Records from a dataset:

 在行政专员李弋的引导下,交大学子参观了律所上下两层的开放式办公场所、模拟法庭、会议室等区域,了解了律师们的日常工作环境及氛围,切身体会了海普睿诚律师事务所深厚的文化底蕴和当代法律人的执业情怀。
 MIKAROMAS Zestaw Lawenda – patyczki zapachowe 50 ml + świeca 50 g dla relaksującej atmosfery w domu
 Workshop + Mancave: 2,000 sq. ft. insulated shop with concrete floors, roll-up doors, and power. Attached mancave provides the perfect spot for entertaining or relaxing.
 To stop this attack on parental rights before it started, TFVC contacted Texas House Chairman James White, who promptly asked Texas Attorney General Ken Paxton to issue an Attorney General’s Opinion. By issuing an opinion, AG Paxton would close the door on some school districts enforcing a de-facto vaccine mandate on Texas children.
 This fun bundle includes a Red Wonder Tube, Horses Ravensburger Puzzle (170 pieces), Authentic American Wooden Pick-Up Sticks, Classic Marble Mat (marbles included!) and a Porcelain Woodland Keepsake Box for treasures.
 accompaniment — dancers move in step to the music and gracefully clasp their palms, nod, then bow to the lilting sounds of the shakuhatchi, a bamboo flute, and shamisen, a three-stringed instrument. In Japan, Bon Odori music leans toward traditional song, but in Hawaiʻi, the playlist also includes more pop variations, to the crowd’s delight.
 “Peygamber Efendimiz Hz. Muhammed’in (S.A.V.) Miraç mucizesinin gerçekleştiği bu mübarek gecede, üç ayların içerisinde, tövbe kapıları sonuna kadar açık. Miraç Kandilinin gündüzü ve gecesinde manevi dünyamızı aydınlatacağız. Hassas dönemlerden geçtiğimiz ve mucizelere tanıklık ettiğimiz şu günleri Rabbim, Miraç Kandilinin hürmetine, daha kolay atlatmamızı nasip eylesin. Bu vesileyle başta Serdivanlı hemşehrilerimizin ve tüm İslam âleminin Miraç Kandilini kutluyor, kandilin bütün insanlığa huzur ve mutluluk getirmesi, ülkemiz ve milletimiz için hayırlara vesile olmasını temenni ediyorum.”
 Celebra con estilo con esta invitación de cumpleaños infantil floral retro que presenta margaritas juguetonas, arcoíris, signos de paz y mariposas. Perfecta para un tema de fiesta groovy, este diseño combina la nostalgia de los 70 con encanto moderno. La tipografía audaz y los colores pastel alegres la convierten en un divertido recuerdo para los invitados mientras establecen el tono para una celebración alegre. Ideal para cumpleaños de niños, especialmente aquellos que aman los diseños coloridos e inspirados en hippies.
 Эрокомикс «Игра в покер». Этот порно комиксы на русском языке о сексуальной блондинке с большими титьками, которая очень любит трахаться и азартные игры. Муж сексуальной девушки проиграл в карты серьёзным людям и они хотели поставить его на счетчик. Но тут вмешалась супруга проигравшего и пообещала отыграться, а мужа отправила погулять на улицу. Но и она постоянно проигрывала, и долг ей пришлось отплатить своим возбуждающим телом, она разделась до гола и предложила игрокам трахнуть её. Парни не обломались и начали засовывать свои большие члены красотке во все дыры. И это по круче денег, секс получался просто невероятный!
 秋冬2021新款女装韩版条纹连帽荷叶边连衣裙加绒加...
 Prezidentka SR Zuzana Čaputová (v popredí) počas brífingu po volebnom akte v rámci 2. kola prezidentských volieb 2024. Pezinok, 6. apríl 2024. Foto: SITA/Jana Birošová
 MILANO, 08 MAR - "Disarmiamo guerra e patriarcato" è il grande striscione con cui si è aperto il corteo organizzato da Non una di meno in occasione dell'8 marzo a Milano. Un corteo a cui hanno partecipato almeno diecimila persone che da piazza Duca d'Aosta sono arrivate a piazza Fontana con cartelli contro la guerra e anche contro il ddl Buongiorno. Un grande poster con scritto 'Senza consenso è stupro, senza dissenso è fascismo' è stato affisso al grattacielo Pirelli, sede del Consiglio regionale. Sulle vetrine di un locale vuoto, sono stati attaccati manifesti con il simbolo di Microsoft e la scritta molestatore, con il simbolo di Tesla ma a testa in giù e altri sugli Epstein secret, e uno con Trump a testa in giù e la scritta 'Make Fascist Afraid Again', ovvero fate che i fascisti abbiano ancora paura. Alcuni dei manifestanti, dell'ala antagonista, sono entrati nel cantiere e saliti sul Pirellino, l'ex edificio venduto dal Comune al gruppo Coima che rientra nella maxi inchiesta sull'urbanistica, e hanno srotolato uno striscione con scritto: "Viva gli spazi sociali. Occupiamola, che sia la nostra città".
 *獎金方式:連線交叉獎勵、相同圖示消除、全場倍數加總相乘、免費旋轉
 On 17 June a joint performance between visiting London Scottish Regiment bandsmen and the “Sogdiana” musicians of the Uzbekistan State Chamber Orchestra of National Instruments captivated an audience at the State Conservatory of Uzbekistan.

(WHAT TO WORK ON):
Report, from the entries above, each line where "includes" is found.

(ANSWER BOX):
 This fun bundle includes a Red Wonder Tube, Horses Ravensburger Puzzle (170 pieces), Authentic American Wooden Pick-Up Sticks, Classic Marble Mat (marbles included!) and a Porcelain Woodland Keepsake Box for treasures.
 accompaniment — dancers move in step to the music and gracefully clasp their palms, nod, then bow to the lilting sounds of the shakuhatchi, a bamboo flute, and shamisen, a three-stringed instrument. In Japan, Bon Odori music leans toward traditional song, but in Hawaiʻi, the playlist also includes more pop variations, to the crowd’s delight.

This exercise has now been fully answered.